這名黑瘦的村夫立刻倒地,但未吭一聲,半張臉浸在泥水中,露出的右眼仍死死瞪著普智。
普智只覺得那目光過于炙熱,過于哀痛,讓他想起少時去這位表叔家中串門的日子。
那時他不過十歲,還會笑話這位表叔娶不到媳婦,對方便笑罵幾句,同他開些玩笑。
周圍的村民漸漸看了過來,普智怒斥一聲:
“看什么看,都去給我安心干活。

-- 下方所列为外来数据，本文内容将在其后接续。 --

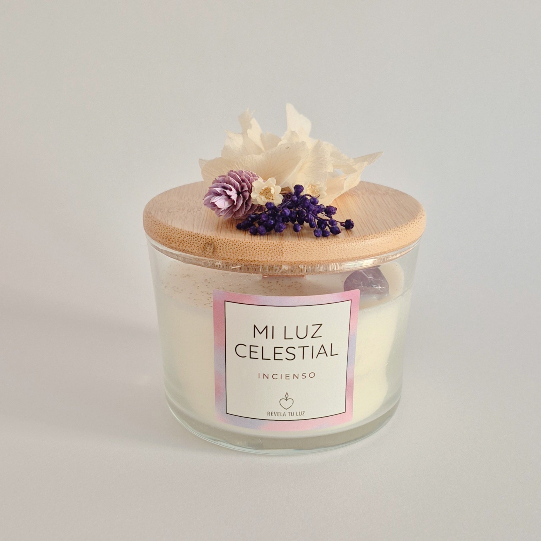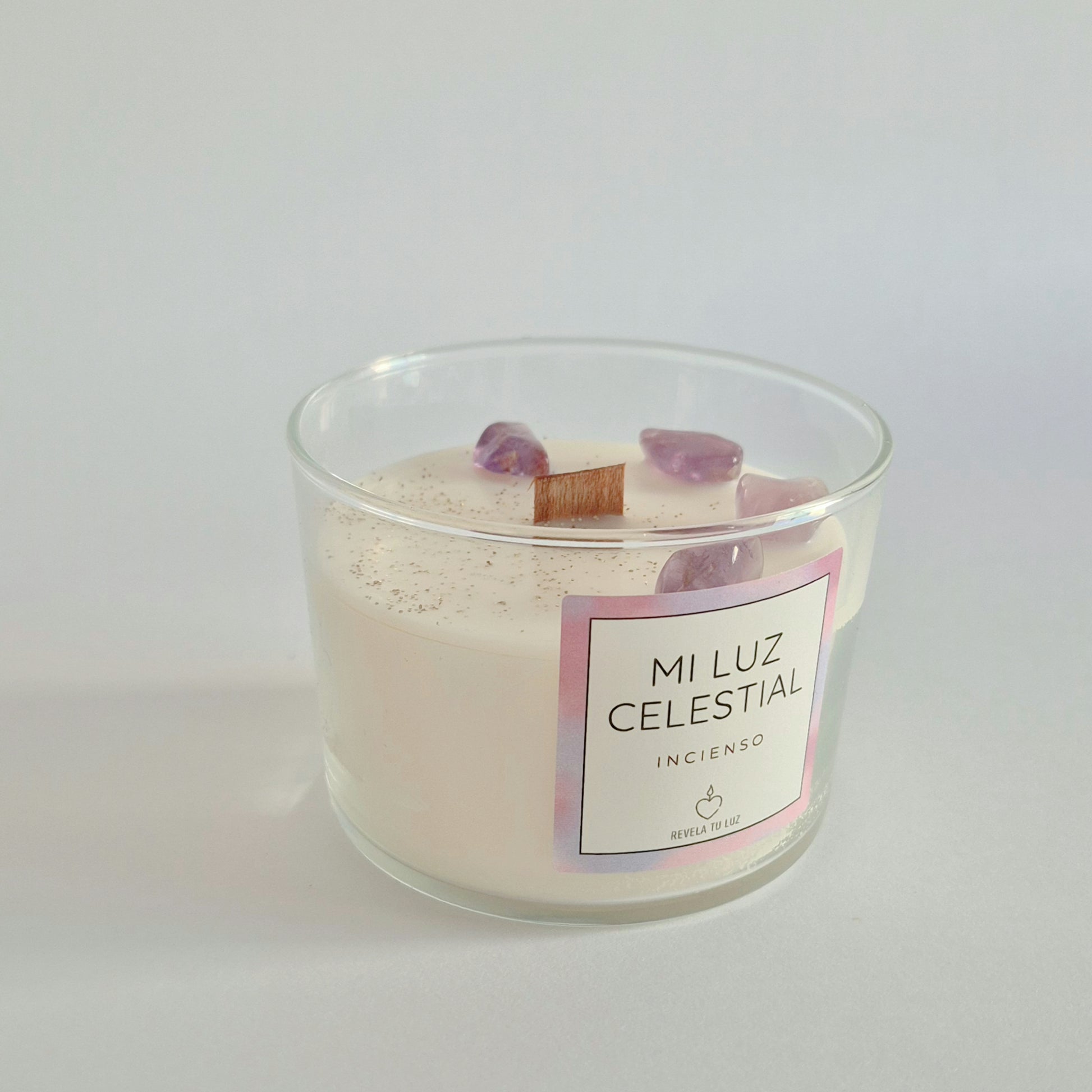 En su interior contiene Amatista , mineral asociado a la espiritualidad, la protección y la claridad mental, decorado con purpurina biodegradable en color oro , que aporta un brillo sutil y etéreo a la llama.

”
四周的人忙收回目光,張養稼倒在泥水里,一聲不吭,普智掂了掂手中梨木棍。
算了。
他轉身欲走,背后卻傳來一清晰的咳痰之聲,他的僧衣上落了什么穢物,正向下滴流。
普智轉身,看見張養稼笑了,笑的如同往常一樣,似乎開了什么玩笑,這笑容迅速刺痛了他。
這位僧人舉起手中梨木棍,稍稍猶疑幾分,而后砸了下去,木棍同雨點一道敲在張養稼身上,發出陣陣骨裂聲。
普智口中念起佛經,瘋魔一般毆打著下方的人,雨水混在他臉上,滴落而下,顯得萬分猙獰。
‘你自找的,你自找的’
張養稼的氣息越來越弱,天上的雨勢忽地增大,原本飄忽的雨絲變得磅礴,傾瀉而下。
普智再也顧不得腳下之人,向四周怒喝道:
“還不快些,雨又”
他的話語被一陣雷聲打斷,洶涌的雷光積聚在一朵陰云旁,只占了天邊小小一角。
這雷聲若鼓點,一重接一重,越來越盛,越來越高,那朵陰云像是要墜落一般,向著這片田野飄來。
普智生出一陣悚然之感,寺中的經文在此刻叫他忘得一干二凈,他隱隱約約想起了少時,祖母同他講的話。
‘做了惡事,小心天打’
未等他多想,那朵陰云飄落而下,一道紫絳的雷光涌出,若蛟龍般在空中騰躍,轉瞬之間就落到他面前。
這雷光極其收斂,將普智的整個頭顱轟成焦炭,就消散不見。
那片陰云散開,露出一懸空寶船,通體為青木,上刻陣紋,散著寶光,船邊站著四人。
背劍道人,疤臉漢子,青裙美婦,白衣女子。
道人踏雷而下,著玄黑道袍,上繪火云,背后八方古劍清光流轉,赤火奔流。
“拜見仙長。”
不知是誰先開口喊道,這些凡人紛紛磕頭行禮,上一刻還在含著佛號,轉眼又拜起神仙。
許玄揮手,讓眾人散去,走向前方倒在地里的漢子。
他取出一枚胎息品階的療傷丹藥,喂給倒在田間的人。
【回春丹】,再普通不過的療傷丹藥,也只對胎息修士有用,但凡人服下,可就是真正的靈丹妙藥了。
張養稼的傷勢迅速恢復,骨頭重新接起,傷口凝合,漸漸回過神來。
“謝過.仙長。”
許玄吩咐周邊之人將這漢子扶起,帶回養傷。